After getting out that the tax on sales effected between the period January 26, 1950 to March 31, 1950 was not assessable by virtue of Art. 286 of the Constitution, the application stated: " Total sales of raw materials of copper and brass sheet and circles sold by us and despatched under railway receipts for buyers' consumption are as follows". Then followed the sales effected and the tax paid in respect of the sales. The claim in this form was annexed to and made part of the petition to the High Court under Art. 226 and 227 of the Constitution and in paragraph 9 of the petition, this letter was referred to and a copy thereof was incorporated and marked as 1A. In this paragraph which was the other matter relied on the claim for refund was said to be " on sales made to buyers outside Bihar State for consumption ". Learned Counsel strongly pressed upon us that paragraph 9 and the annexure had clearly asserted that the sales which were the, subject of the claim for refund involved a delivery of the goods outside the State of Bihar for consumption in the State of first destination and the State of Bihar not having filed any counter-affidavit challenging the correctness of these allegations, the High Court should have held that the terms of the Explanation were satisfied and should have ordered the refund claimed.

We however consider that this submission is without force.

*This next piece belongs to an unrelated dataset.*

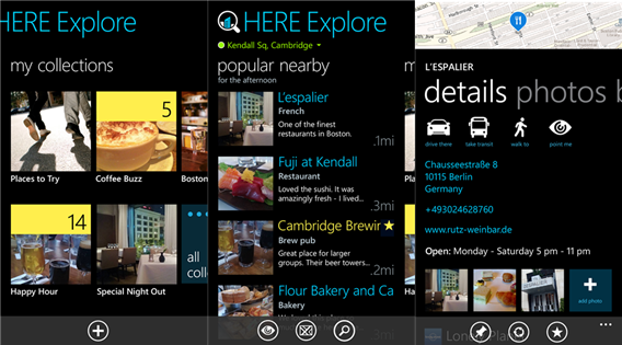 Mit HERE Explore für Windows Phone finden Sie alles Sehenswerte in Ihrer näheren Umgebung. Wie Yelp oder Tripadvisor zeigt die App auch Empfehlungen für Restaurants und Bars an. Zudem finden Sie auch manche Sehenswürdigkeiten, die in den anderen Apps fehlen. Statt auf einem Verzeichnis mit Suchfunktion legt HERE Explore den Fokus auf Ihren direkten Umkreis. Über GPS ermittelt die App den Standort und zeigt alles wichtige in Ihrer Nähe an.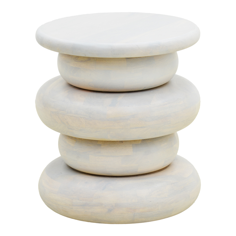 Βοηθητικό τραπέζι Circena pakoworld μασίφ μάνγκο ξύλο λευκό Φ40×45εκ

Neither in the claim put forward in Exh. 'A' nor in para- graph 9 of the petition was any distinction drawn between sales under which deliveries were effected outside the State of Bihar for the purpose of consumption in the State of first destination and those in which the deliveries outside the State were effected for the purpose of consumption not in the State of first destination but in other States. In fact, this was made clear in the later paragraphs of the petition to the High Court from which it is apparent that the assessee-company made a claim for tax exemption in 288 respect of sales in which the delivery took place outside the State of Bihar, whether the delivery was for the purpose of consumption in the State of first destination or otherwise. In paragraph 17(1) of the petition to the High Court the assessee stated: " (the petitioner was not liable to pay tax on goods delivered outside the State of Bihar which was also for consumption outside the State of Bihar ", and again in clause (iii) of the same paragraph this was repeated: " the goods being outside the State of Bihar, delivered outside the State of Bihar and consumed outside the State of Bihar were not liable to sales-tax by the State of Bihar " and similarly in cl. (v) of the same paragraph a reference was made to " goods delivered outside the State of Bihar for consumption outside the State of Bihar ". The same idea is emphasized in paragraph 19 also which contained the prayer of the petition. On these averments it is clear that the claim made by the assessee was that to invoke the exemption contained in Art. 286(1)(a) it was sufficient that the goods were delivered outside the State of Bihar and that it was immaterial whether the delivery was for the purpose of consumption in the State of first destination or otherwise. This involved the same argument which was raised by the learned Counsel that we have dealt with earlier. The learned Judges of the High Court were therefore right in drawing a distinction between the two types of sales which we have already indicated.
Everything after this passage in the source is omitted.